Posted in Music with tags , , , , , , on December 28, 2011 by 80smetalman


 Before everybody starts getting on my case about historical accuracy, something I myself am big on, I know that “Out of the Blue” was actually released in 1977. However, I didn’t hear this fine album until 1978 and because it was the very first album I listened to that year, I thought it was only fitting that I begin the new series with it. I first heard it on the very first weekend in January 1978 while over my friend’s place and I must say I was hooked from the very first track, “Turned to Stone.” It was only fitting that I listen to the rest of it.
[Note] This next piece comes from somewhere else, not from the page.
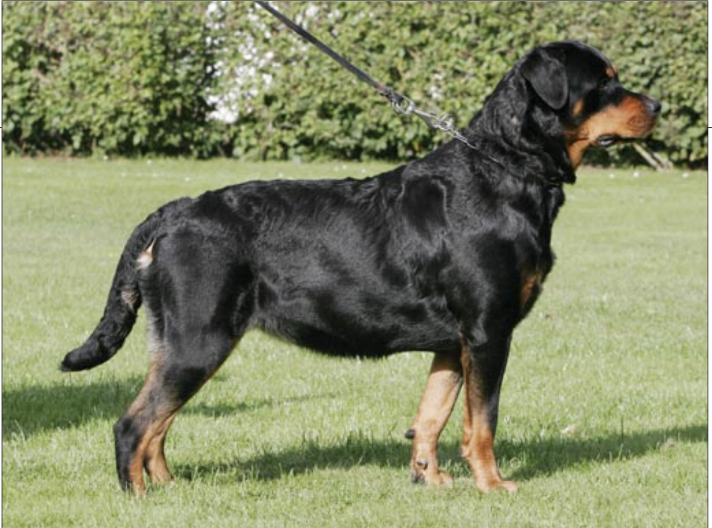
Rottweileren er en robust og stærk hund.

en dårlig dag, udfører den ikke øvelserne optimalt.

Back in 1978, I considered ELO’s “Out of the Blue” album to be state of the art as did many back then. I was completely impressed with the use of instruments, synthesisers and other sound effects like the recording of actual rainfall in the four song piece, “Concerto for a Rainy Day.” I was further impressed with how ELO used classical instruments such as cellos and violins and still maintained a unique rock sound. This is why the album was considered a scientific breakthrough back then.

Track Listing:

1. Turned to Stone

2. It’s Over

3. Sweet Talkin’ Woman

4. Across the Border

5. Night in the City

6. Starlight

7. Jungle

8. Believe Me Now

9. Stepping Out

Concerto for a Rainy Day

10. Standing in the Rain

11. Big Wheels

12. Summer and Lightning

13. Mr Blue Sky

14. Sweet is the Night

15. The Whale

16. Birmingham Blues

17. Wild West Hero



Jeff Lynne- lead vocals, guitar

Bev Bevan- drums, percussion

Richard Tandy- keyboards, guitar

Kelly Groucutt- bass

Mik Kaminski- violin

Melvin Gayle- cello, piano

Hugh McDowell- cello

Since this album kicked off 1978, for me I think it is only fitting to start 2012 by listening to this classic album once again and I invite you to do the same. I assure you, you won’t be disappointed.